FLUFFINJECTOR: DIAGNOSING LOGICAL CONSISTENCY FAILURES IN CHAIN-OF-THOUGHT REWARD MODELS
Abstract
Large Language Models (LLMs) are increasingly used as judges and reward models in alignment pipelines, where their scores shape learned behavior. Prior work shows these judges can be manipulated by superficial openers (e.g.,"Thought process:” or “Let’s solve this step by step.”), but vulnerabilities in intermediate reasoning verification remain underexplored. We identify Fluff Injection, a failure in which a logically necessary step in a chain of reasoning is replaced with plausible-sounding commentary (e.g.“Let’s slow down and check our negatives here”).
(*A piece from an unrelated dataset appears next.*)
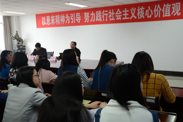 4月8日下午,传媒学院邀请校关工委常务副主任、周恩来研究会会长王家云教授在院会议室作“以恩来精神为引导,践行社会主义核心价值观”的主题报告,传媒学院党委书记沈东华主持,学院14、15级学生代表参加了报告会。
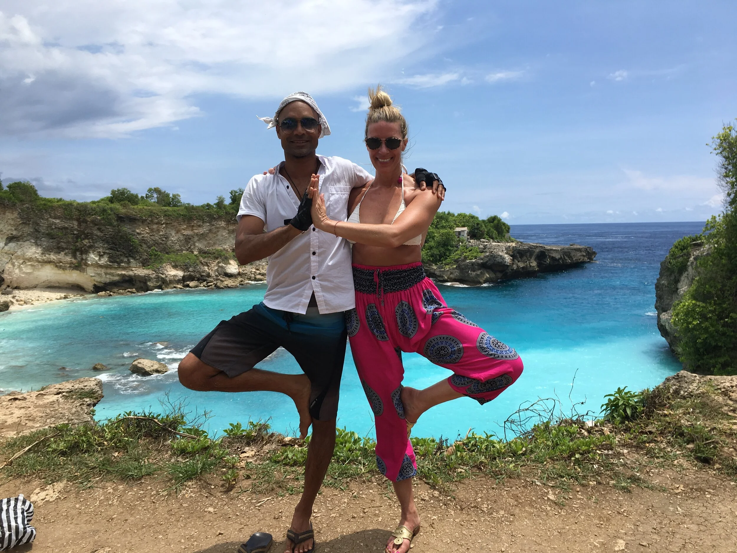 A man and a woman practicing yoga together on a cliff's edge overlooking a turquoise ocean and rocky shoreline, with partly cloudy skies.

To measure this failure mode, we introduce FluffInjector, a benchmark of paired minimal examples: for each problem, we generate a GOOD chain and a FLUFF chain that keeps the same step count and final answer while replacing 25-40% of steps with non-inferential filler. Evaluating frontier judges (GPT-4.1, DeepSeek-V3.1, Qwen2.5-7B-Instruct), we find they frequently validate FLUFFED chains, indicating a strong reliance on surface coherence. Using FluffInjector, we fine-tune SmartRM, a verifier trained to emphasize step-to-step logical continuity. SmartRM reduces false positives from 37.43% (GPT-4.1) to 2.68% and achieves 97.27% overall verification accuracy.